GEO Data Terra Occitania
Development of a spatial data infrastructure and distributed services allowing large volume storage, openness (FAIR) and services (Data Lake) for processing old, current and future spatial data, for the benefit of scientific communities, public and private actors in a regional (depending on the priorities of the Occitan Region), national (Ir DATA TERRA, INFRANIUM, GENCI/CINES), European (EOSP, Copernicus) and international (Mediterranean, Southern countries) context.
Coord. CNES; partners of IR data Terra
strengthening in Occitania the equipment of the DINAMIS/THEIA (THRS data) system and services of the Theia cluster within IR Data Terra to reinforce the use of satellite imagery in the digital and agro-ecological transformations of territories.
Instrumentation and observation services (SDU and EO).
New instruments deployed in the regions to understand and respond to global change. A project that takes off in three stages:
- astronomical time
- the weather of climate change
- times of crisis
Data Science and AI infrastructure of Bretagne Océane
The strong growth in the volume of observation, genomics, imaging and simulation data, both for major technological (e.g. defence, digital) and societal (e.g. environment, climate, health) challenges, is accompanied by increased needs in processing capacities to fully exploit the potential of these masses of data.
As an example, the marine component of IR DATA TERRA to which this project contributes foresees a growth of more than 50% in the volumes of data to be considered (at least) in the coming decade.
In this context, this project aims to respond to three types of issues:
– preservation issues – how to store, archive, validate and make accessible the acquired data?
– networking issues – how to make the masses of data and processing means accessible and interoperable at regional, national and international levels?
– Knowledge and services issue – how to support the creation of knowledge and services based on the manipulation and exploitation of these masses of data?
The distributed infrastructure proposed by the AIDA project will make it possible to absorb the growing flow of data, to make available high-performance, agile and interactive processing means and to support the emergence of a data-driven ecosystem of knowledge and innovation, in relation to several research infrastructures such as DATA TERRA? IFB, EMBRC FRAnce, Data Health Hub.
Ile de France
The project aims to strengthen the means of aggregating, processing and making available data from a large number of structured and unstructured sources in the fields of climate and energy to support research and innovation in the field of climate mitigation and energy transition.

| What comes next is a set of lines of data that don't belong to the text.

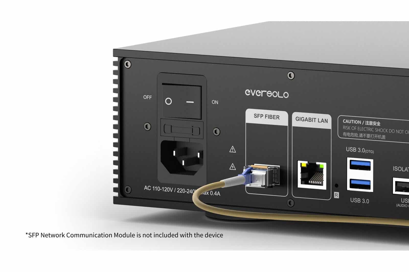 T8 är utrustad med både SFP-nätverksmodul och RJ45 Gigabit-port för snabb och pålitlig ljudöverföring. Den inbyggda elektriska isoleringen i SFP-modulen skyddar effektivt mot elektromagnetiska störningar och säkerställer att Hi-Fi-systemets krav på ren signal uppfylls.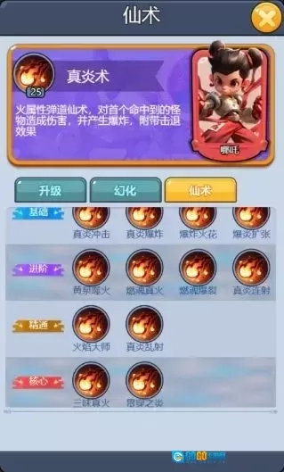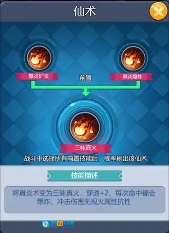 天火诛邪(入门):真炎术每命中12次,便会同时释放1波齐射5枚的真炎弹。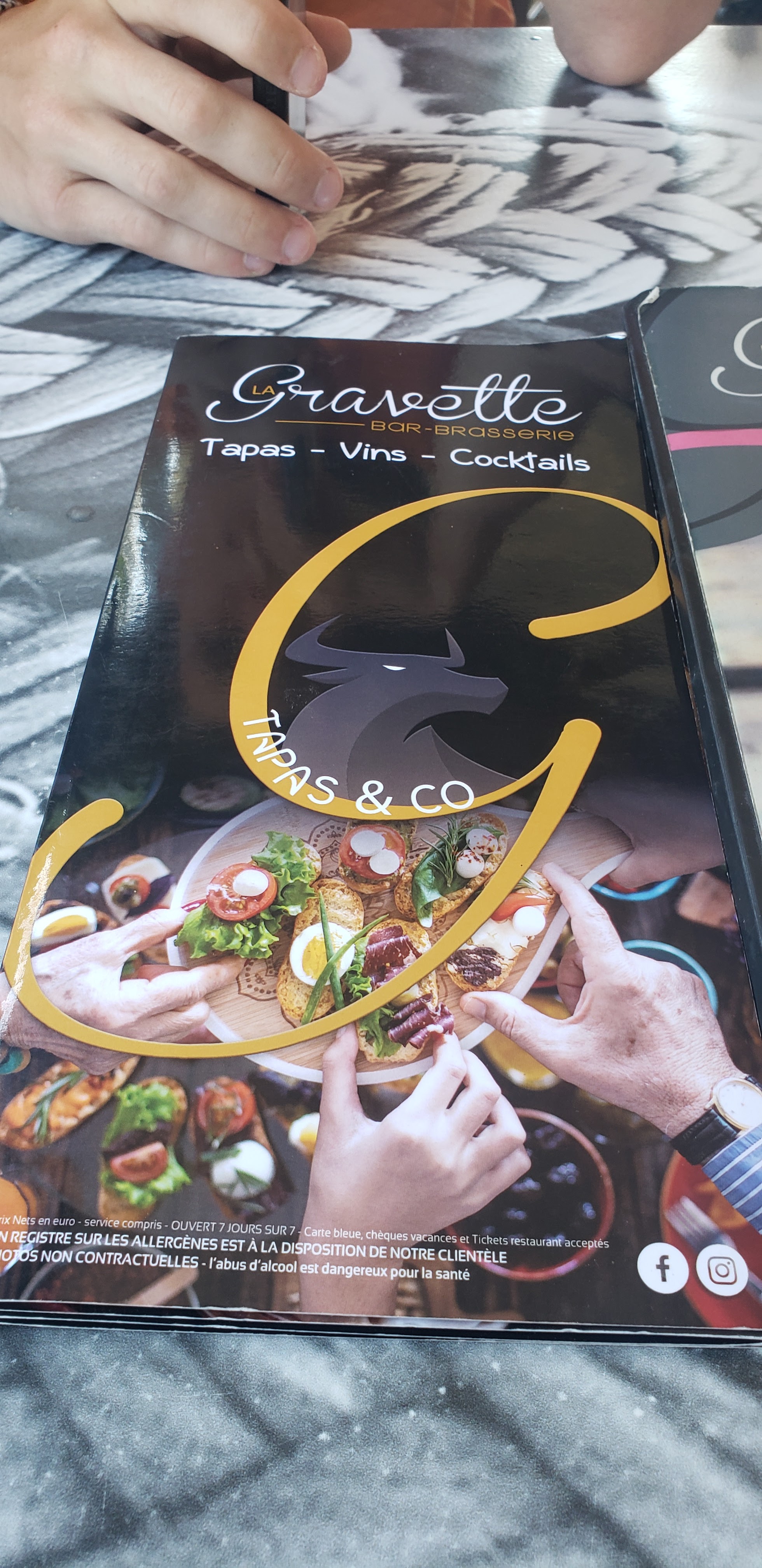 Nous avons appelé en début d'après midi pour savoir si on pouvait venir pour boire un coup, un jeune homme nous a répondu que non exceptionnellement s était fermé jusqu'à 18h. Nous étions en ballade au port et nous voyons que la gravette est ouverte nous y allons et demandons si nous pouvons nous installer,. La patrone sûrement nous reçoit bien et nous dis mais oui pas de soucis. Alors là bonne surprise !!!!!!!! Nous commandons des milk shacke fraise et un jeune homme nous sers du lait a la fraise.....il serai bien du faire une réunion d'équipe et de former...............

Energy4Climate data centre (Energy4Climate datahub), coordination Institut Polytechnique/LMD, AERIS/ESPRI.
CINAuRA project – Convergence of higher education digital infrastructures in the Auvergne – Rhone-Alpes region and deployment of an eco-efficient digital research platform.
It proposes the deployment of a very high-level and eco-efficient regional digital infrastructure, meeting the current and future needs of the ESR AuRA, and falling within the national and European context of structuring digital instruments for research.
Haut de France Region
Project CLIMENSE :
Climate Change: Environmental Impacts on the Health of Organisms and Ecosystems – CPER (2021-2026)
(extension of a previous CPER)
2 Transversal Actions out of 4 are piloted by the ICARE/AERIS CDS: Data acquisition and analysis, ambition: to develop a complete integrated platform for analyses at the regional level allowing the coupling of observations and modelling at different scales.
20 million (including 4 from own funds); need for ICARE/AERIS/Data Terra in terms of material/infrastructure investment: minimum 400 K euros to be supplemented by requests for ERDF credits (in discussion with the region).
It is led by computer science teams and laboratories (specialized in AI and communication technologies): demonstrators of the use of AI for Big Data processing based on 2 examples:
On-board information reduction system on space platform to reduce the need for data transfer between ground and satellite (on-board intelligent decision making for the identification of intense events by satellite);
In-board information reduction system on a space platform to limit the need for data transfer between ground and satellite (on-board intelligent decision making for the identification of intense events by satellite) ;
Semi-supervised learning system for the exploration and classification of extreme events based on crowdsourcing strategies: classifying different atmospheric phenomena resembling typical examples (cyclone, volcanic plumes, etc.) in order to continuously teach an AI to recognize different elements in satellite images and to automatically index the data archived by the ICARE/AERIS CDS.